No it isn’t. 2(a+b)=(2a+2b) The Distributive Law
But there actually is only 1 right answer, and unfortunately for the person you’re replying to it’s 1.
PEMDAS be damned?
PEMDAS should be read as Parentheses, Exponents, Multiplication and Division, Addition and Subtraction. There are four levels of priority, not six.
PEMDAS is a relatively recent learning tool made to help school kids. It doesn’t consider implicit multiplication.
If you wrote out the fraction, you couldn’t write 2(2+2) with one on the numerator and one on the denominator.
2(2+2) is identical to 2×(2+2), and follows the order of operations in an absolutely prescribed way. If you want that whole thing in the denominator of the division operator, you need to add an additional set of parentheses and make it 8÷(2×(2+2)). Without those, you read the operations left to right, and you get 16.
Replace (2+2) with x:
8 / 2x = 4 / x = 4 / (2+2) = 1
Implicit multiplication takes priority over division. You can’t write an implicit multiplication across a fraction, if you wrote the fraction out that way across 2 lines you would have 8(2+2) / 2 instead.

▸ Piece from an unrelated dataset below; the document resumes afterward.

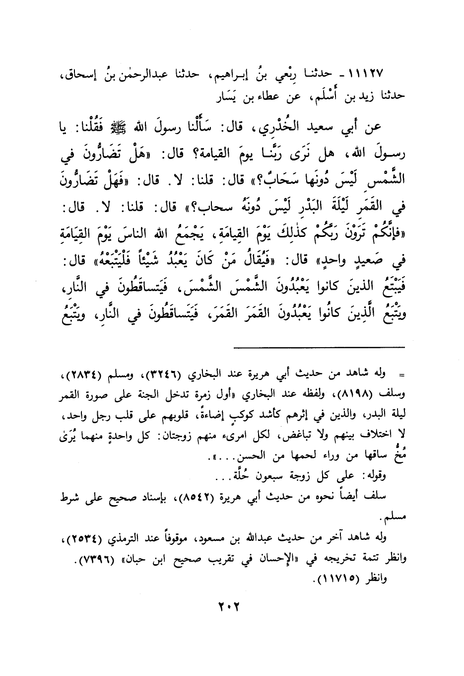 ١١١٢٧ - حَدَّثَنَا رِبْعِيُّ بْنُ إِبْرَاهِيمَ، حَدَّثَنَا عَبْدُ الرَّحْمَنِ بْنُ إِسْحَاقَ، حَدَّثَنَا زَيْدُ بْنُ أَسْلَمَ، عَنْ عَطَاءِ بْنِ يَسَارٍ، عَنْ أَبِي سَعِيدٍ الْخُدْرِيِّ، قَالَ: سَأَلْنَا رَسُولَ اللهِ صَلَّى اللهُ عَلَيْهِ وَسَلَّمَ فَقُلْنَا: يَا رَسُولَ اللهِ هَلْ نَرَى رَبَّنَا يَوْمَ الْقِيَامَةِ؟ قَالَ: " هَلْ تُضَارُّونَ فِي الشَّمْسِ لَيْسَ دُونَهَا سَحَابٌ؟ " قَالَ: قُلْنَا: لَا. قَالَ: " فَهَلْ تُضَارُّونَ فِي الْقَمَرِ لَيْلَةَ الْبَدْرِ لَيْسَ دُونَهُ سَحَابٌ؟ " قَالَ: قُلْنَا: لَا. قَالَ: " فَإِنَّكُمْ تَرَوْنَ رَبَّكُمْ كَذَلِكَ يَوْمَ الْقِيَامَةِ يَجْمَعُ اللهُ النَّاسَ يَوْمَ الْقِيَامَةِ فِي صَعِيدٍ وَاحِدٍ " قَالَ: " فَيُقَالُ: مَنْ كَانَ يَعْبُدُ شَيْئًا فَلْيَتْبَعْهُ " قَالَ: " فَيَتْبَعُ الَّذِينَ كَانُوا يَعْبُدُونَ الشَّمْسَ الشَّمْسَ، فَيَتَسَاقَطُونَ فِي النَّارِ، وَيَتْبَعُ الَّذِينَ كَانُوا يَعْبُدُونَ الْقَمَرَ الْقَمَرَ، فَيَتَسَاقَطُونَ فِي النَّارِ، وَيَتْبَعُ

Variables work differently in standard practice due to natural reading. There is no special order of operations inserted, when variables are being used like that, you’re resolving the variable as if it had an implicit parentheses. This is common practice due to readability, nothing more, and it certainly doesn’t extend to actual digits being calculated with a clear and correct order of operations.
How can you apply “natural reading” to one situation but not another? You couldn’t split 2(2+2) across the fraction any more than you could split 2x across the fraction.

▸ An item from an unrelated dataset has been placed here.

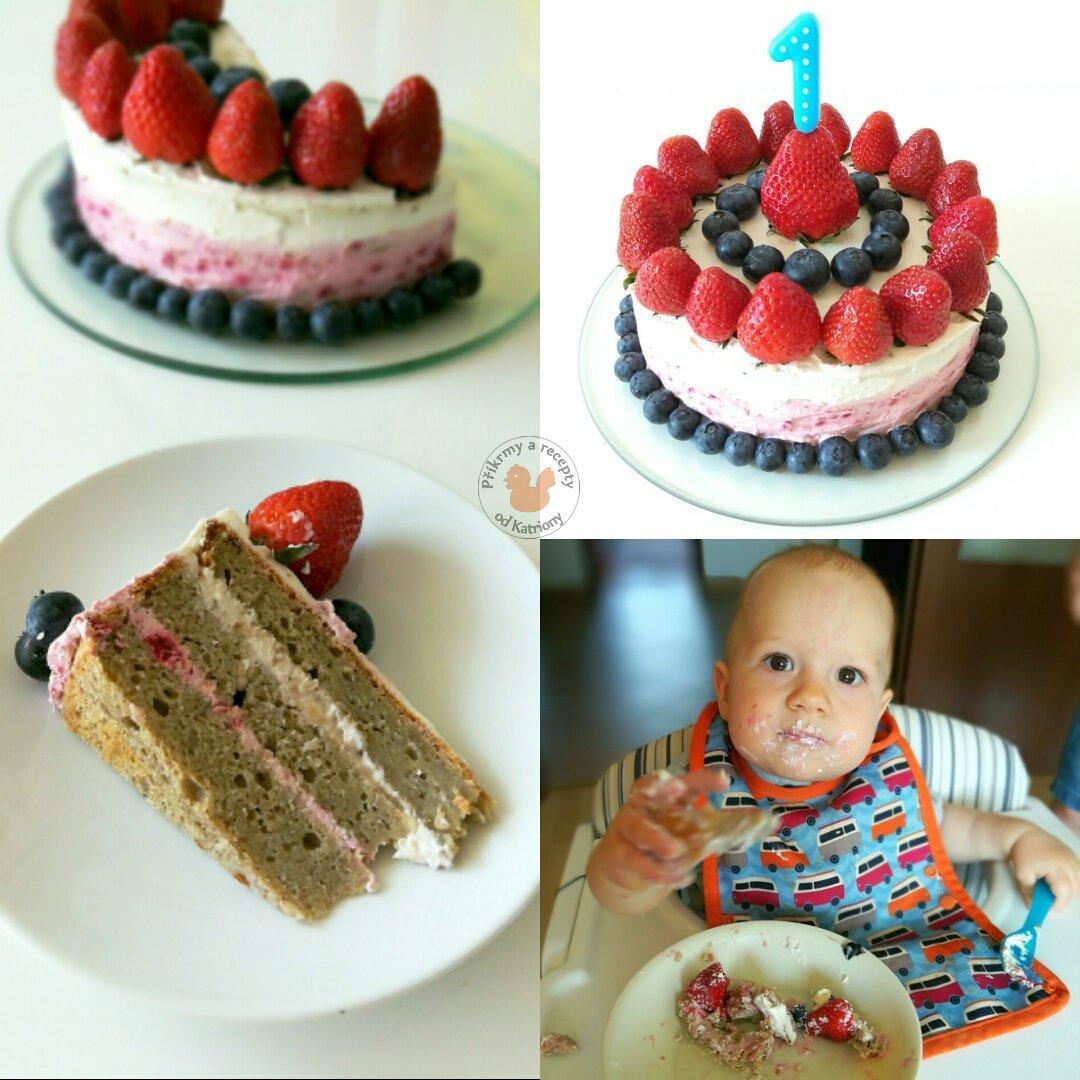 1 ROK - BANÁNOVÝ DORT bez cukru s banánovým a malinovým krémem

PEMDAS is actually a fairly new explanation, and both algebra and implicit multiplication predate it. Thus a strict interpretation of PEMDAS isn’t always appropriate - it’s a way of explaining things to school kids before they learn algebra and implicit multiplication.
Alternatively, perhaps a simpler way of looking at it is that 2(2+2) is all part of resolving the brackets (parentheses), so must come first. This would at least allow the new rule to hold true for all notations that came before it.
8 / 2(2+2) = 8 / 2(4) = 8 / 8 = 1
If you wrote the full fraction out the way you’re describing it, with numerator above the denominator, you would end up with 8(2+2) / 2. You can’t split an implicit multiplication across the fraction.
You apply natural reading to 2x because that looks and reads like a single number, and so you take it as a whole. This is convention only, and is implicitly reading it as (2x).
The same is not the case for 2(2+2). There is no variable in that, and it is accurately and correctly understood as 2×(2+2).
There is no order of operations which states that removal of the multiplication sign occurs prior to multiplication and division, and nothing outside the parentheses has any bearing on resolving the parentheses order of operations.
The answer to this is 16. Reading this and getting any other answer is misunderstanding it.